* INFORMATION SUPPLIED
*** Block opens ***

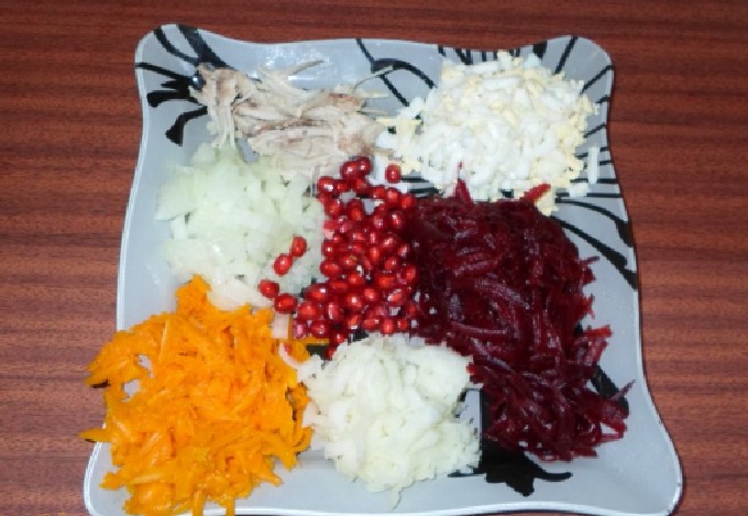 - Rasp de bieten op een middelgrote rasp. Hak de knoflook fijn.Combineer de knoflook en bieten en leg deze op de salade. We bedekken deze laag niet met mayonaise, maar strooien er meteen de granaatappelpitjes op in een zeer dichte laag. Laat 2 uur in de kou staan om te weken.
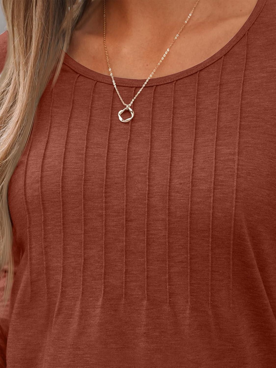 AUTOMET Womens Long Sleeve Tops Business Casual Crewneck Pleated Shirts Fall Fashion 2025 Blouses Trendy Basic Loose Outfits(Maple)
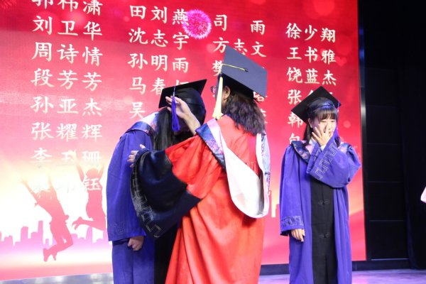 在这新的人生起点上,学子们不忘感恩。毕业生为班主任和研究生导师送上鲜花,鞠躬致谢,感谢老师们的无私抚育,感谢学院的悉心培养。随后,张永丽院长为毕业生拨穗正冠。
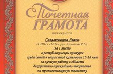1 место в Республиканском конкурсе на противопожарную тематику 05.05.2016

*** Block closes ***

* WHAT IS NEEDED
Please extract exactly the lines of the data, from the first through the line containing "AUTOMET Womens Long", and add no pictures to the copy.

* RESPONSE FOR THIS EXERCISE
 - Rasp de bieten op een middelgrote rasp. Hak de knoflook fijn.Combineer de knoflook en bieten en leg deze op de salade. We bedekken deze laag niet met mayonaise, maar strooien er meteen de granaatappelpitjes op in een zeer dichte laag. Laat 2 uur in de kou staan om te weken.
 AUTOMET Womens Long Sleeve Tops Business Casual Crewneck Pleated Shirts Fall Fashion 2025 Blouses Trendy Basic Loose Outfits(Maple)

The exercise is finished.